Similarly, the National Credit Union Administration is advising credit unions to assist their members and work with borrowers affected by COVID-19. Recommendations include:
Debt Relief and Financial Protection
The Consumer Financial Protection Bureau has provided resources and guidance on how individuals can financially protect themselves, including student loan deferment and other options. Visit the CFPB COVID-19 Resource page for more details.
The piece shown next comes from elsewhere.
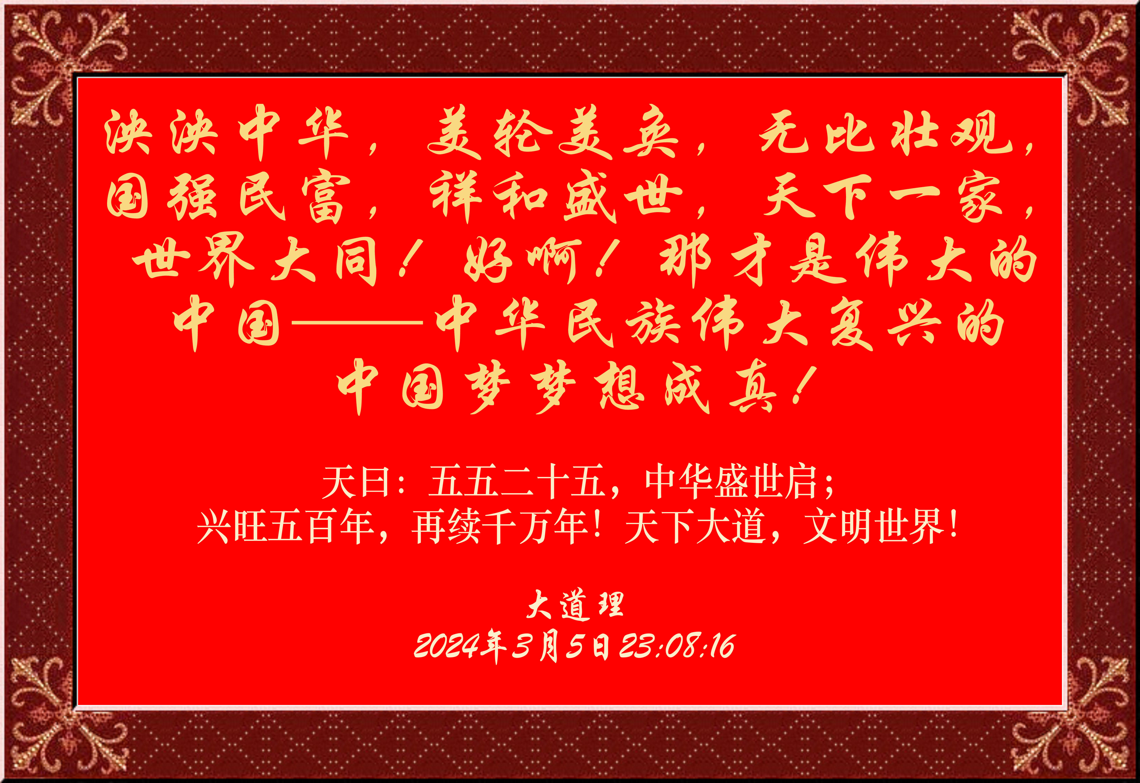三十年后是哪一年?2054年!已經(jīng)是建國(guó)一百零五年的時(shí)候了!那個(gè)時(shí)候中華大地是什么景致和美景呢?泱泱中華,美輪美奐,無(wú)比壯觀,國(guó)強(qiáng)民富,祥和盛世,天下一家,世界大同!

Business Interruption Insurance
Podiatrists should also review their insurance policies (including property/casualty insurance policies) to determine if the policy includes business interruption insurance (also known as business income coverage). This insurance is a type that may replace loss of income or pay business expenses during a disaster. Podiatrists should speak with an insurance advisor to determine whether this insurance would apply during the COVID-19 pandemic.
At least one state legislature is considering mandating that property insurers cover COVID-19 as part of their business interruption policy. Specifically, the New Jersey Assembly is considering AB 3844. According to the official summary:
"This bill provides a mechanism by which certain businesses that suffer losses due to interruption as a result of the coronavirus disease 2019 pandemic may recover those losses from their insurer if they had a policy of business interruption insurance in force on March 9, 2020, the date on which the Governor declared a Public Health Emergency and State of Emergency in Executive Order 103. The bill would apply to businesses covered by such a policy with less than 100 eligible employees in the State of New Jersey. "Eligible employee" is defined as a full-time employee who works a normal work week of 25 or more hours."
The Families First Coronavirus Response Act (HR 6201) included a refundable payroll tax credit to reimburse businesses for sick leave and family and medical leave wages paid to employees affected by COVID-19. For businesses that otherwise may not be able to afford the employee costs associated with COVID-19-related paid leave, the Treasury Department has stated that it will use its regulatory authority to advance funds to employers concerned about cash flow.
The bill requires employers to provide notice of eligibility for paid sick leave and family and medical leave to its employees. The Department of Labor will create a model notification within seven days following enactment of the bill.
Disclaimer: This resource is for information purposes only. APMA advises doctors of podiatric medicine to speak with an attorney or financial advisor duly licensed in their jurisdiction.